Third, for Catholics who experience unjust treatment within the Church itself — a wounded institution that also contains many who do not "speak peace" — these verses validate the suffering of the innocent without counseling despair. Christ Himself prayed these words. To pray Psalm 35 in communion with Him is to unite one's unjust suffering to the Passion, transforming it into redemptive intercession for persecutors rather than bitter grievance.
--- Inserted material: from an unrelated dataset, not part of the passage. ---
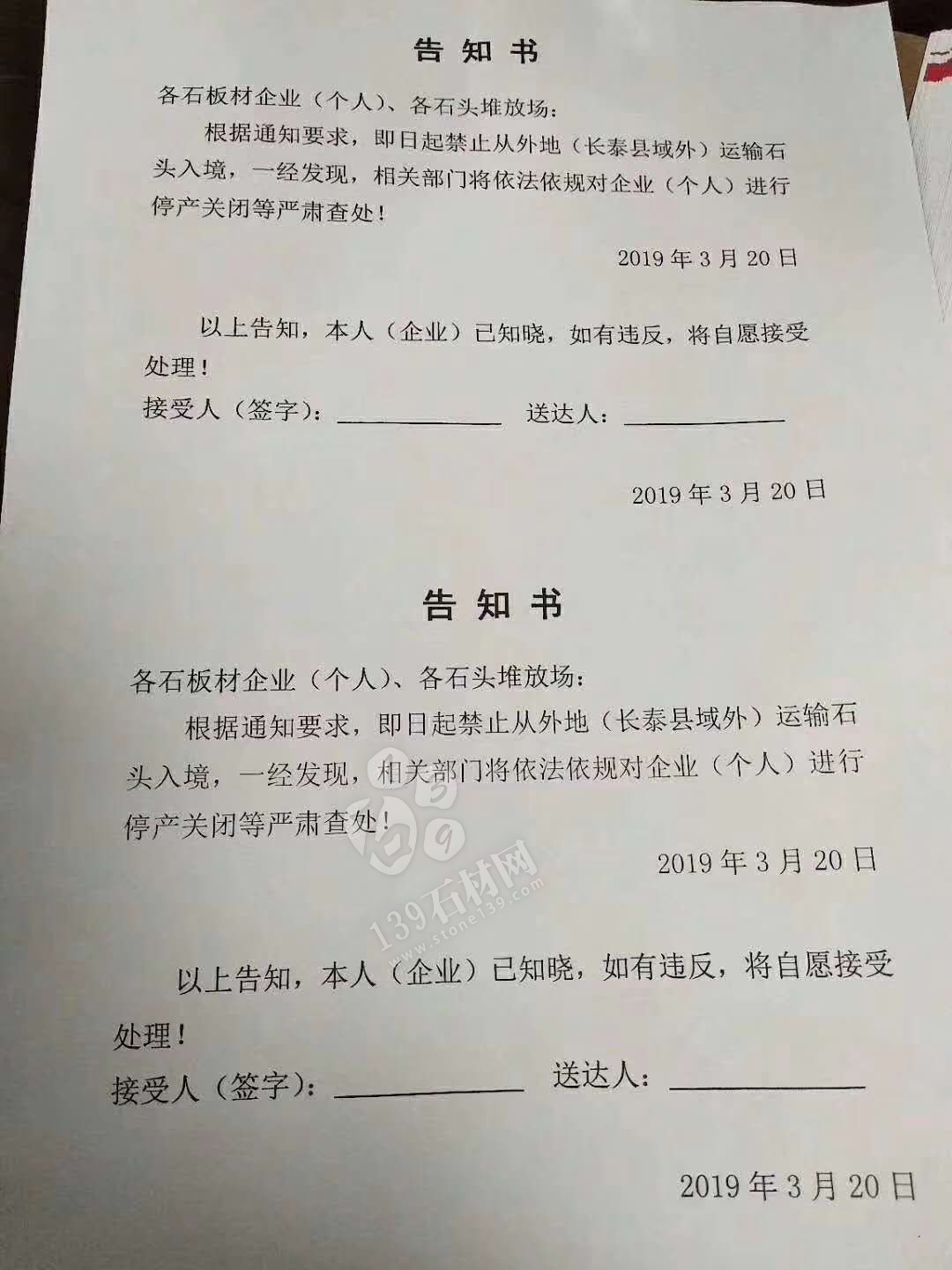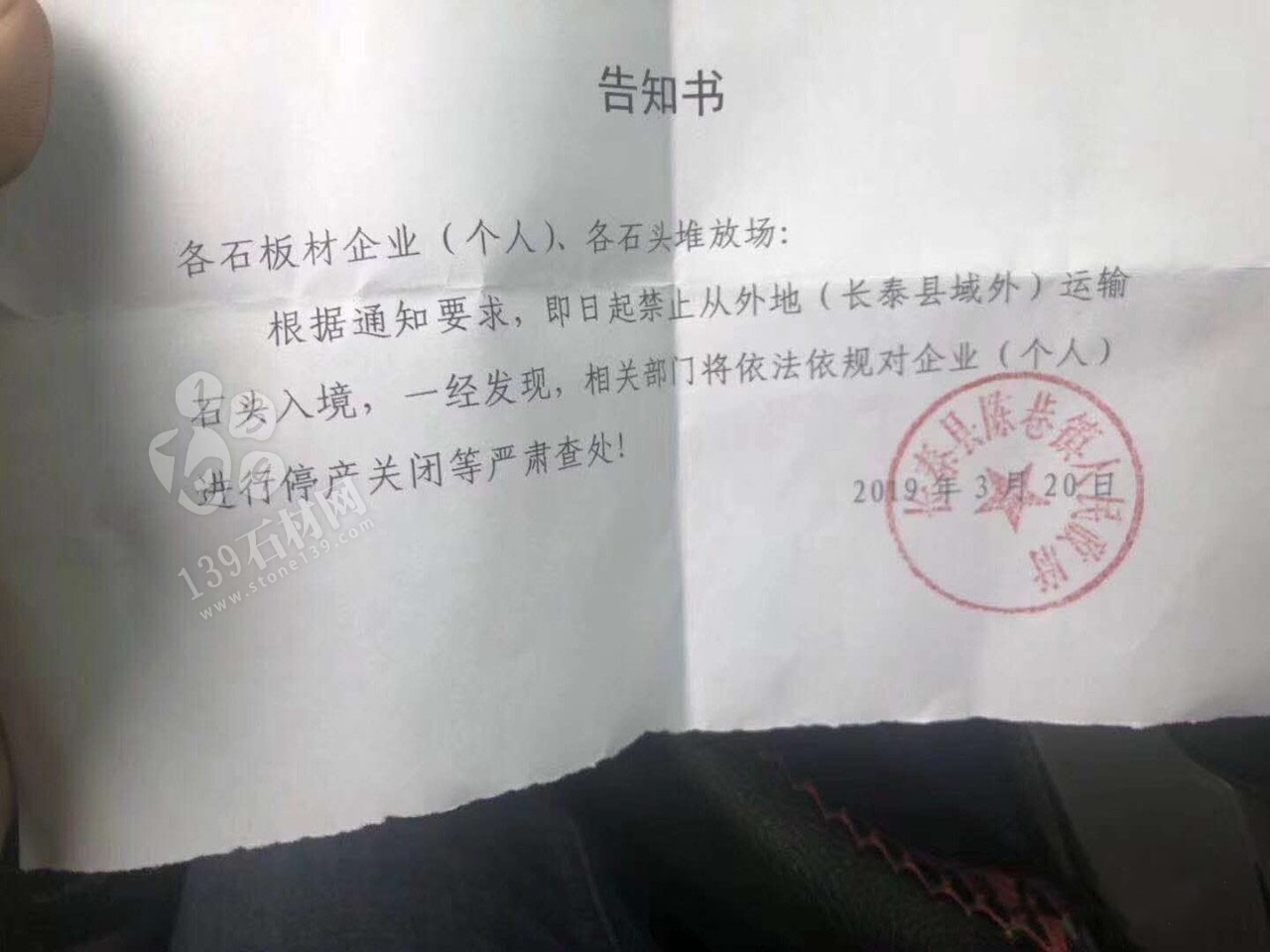 更有消息稱:長泰縣禁止從外地運輸石材入境,違者停產關閉處理,蓋章原件:

Typological and Spiritual Senses: The Church Fathers consistently read Psalm 35 as a Psalm of Christ, particularly in the Passion narrative. The gratuitous hatred ("without cause"), the false witnesses, and the gaping mouths of accusers find precise fulfillment in the trial of Jesus before Caiaphas and Pilate (Matthew 26:59–61; John 15:25). The "opened mouths" of v. 21 echo the mockers at Golgotha (Matthew 27:39). In the allegorical sense, these verses also describe the Church — the mystical Body of Christ — as she has endured persecution from within and without through the ages. In the moral sense, they call each believer to examine how they themselves use speech: whether as an instrument of shālôm or as a weapon of the enemy.